In particolare, e in armonia con una lunga prassi dell’Onu, sembra inconcepibile che Durban II non firmi l’odioso esito di Durban I, precisamente quello che determinò l’abbandono del 2001. Quindi il tempo si sta accorciando, ma rimane un’enorme quantità di lavoro, e la montagna che devono scalare i diplomatici statunitensi sta diventando sempre più ripida. Ironicamente, non esistono bisogni irresistibili perché il Presidente Obama si lanci su Durban II. Come ha fatto in diverse altre occasioni, avrebbe potuto dare la colpa di tutto all’amministrazione Bush, dicendo che Durban II era andata così avanti che non c’era spazio per un nuovo inizio. In questo periodo di Obama-mania, nessuno si permetterebbe di obiettare. Anche quegli europei così critici nei confronti di Bush sosterrebbero un boicottaggio di Obama a Durban II, perché fortificherebbe il loro pensiero emergente sull’inutilità di continuare questa sciarada. Al contrario, questa nuova amministrazione ha dimostrato la sua propensione fondamentalmente ideologica verso un “impegno” non focalizzato con un intervento precipitoso a Durban II, una decisione che manca tristemente di moderazione e pragmatismo.
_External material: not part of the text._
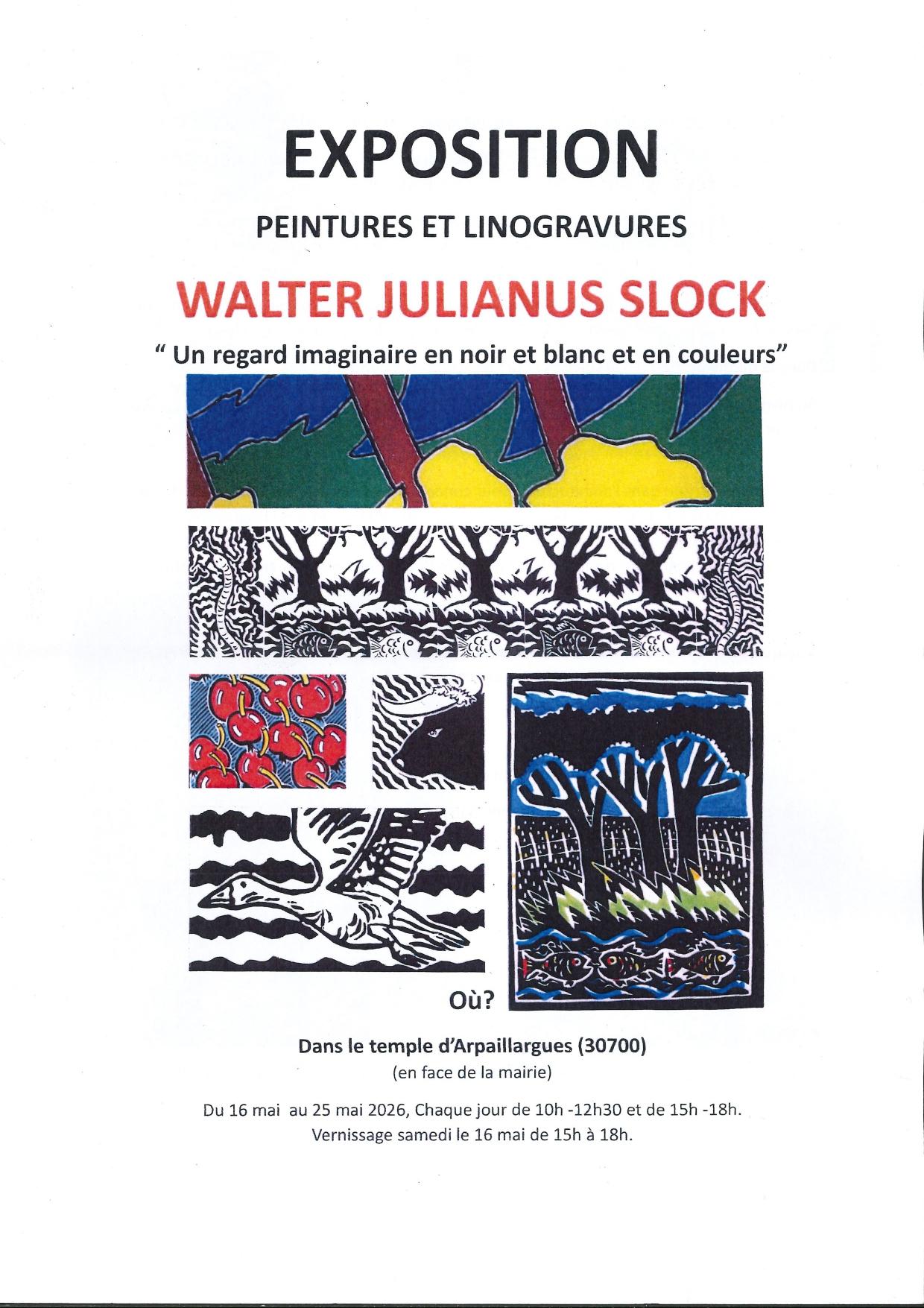 Concernant la peinture et les linogravures, Walter Julianus Slock s'estime autodidacte. Ses œuvres ne peuvent pas cacher les passions qu'il a gardées de ses premiers amours, la B.D. Les B.D. et les animations sont les racines de ses œuvres.

Con questa arroganza e ingenuità, ci si trova ora di fronte a diverse altre scelte, tutte infelici. L’amministrazione si può ritirare per sconfitta da Durban II, ammettendo quindi l’evidente fallimento del tentativo di cambiare la direzione della conferenza, compito che diventa sempre più difficile e più umiliante con l’avvicinarsi di aprile. Altrimenti, il presidente Obama può accettare un documento che gli Stati Uniti definiscono - dovrebbero definire - inaccettabile. Ma allora dovrebbe spiegare perché, se era inaccettabile per gli Stati Uniti prima, non lo è più. Infine, la Casa Bianca può provare a controllare i danni, sperando disperatamente che questa rotazione prevalga sulla sostanza. Questa linea di condotta potrà anche riuscire nel breve termine, considerando le capacità della macchina retorica di Obama, ma causerà danni a lungo termine per gli Usa con l’apertura ad altre sfide che i nostri avversari saranno ben lieti di preparare. Rimettere insieme questo esercizio mal concepito nuocerà a una grande quantità di interessi americani mostrando debolezza e confusione. Se questo è il contrario dell’“unilateralismo” dell’amministrazione Bush, e quello che dobbiamo sopportare ancora per quattro anni, allora è proprio una brutta notizia.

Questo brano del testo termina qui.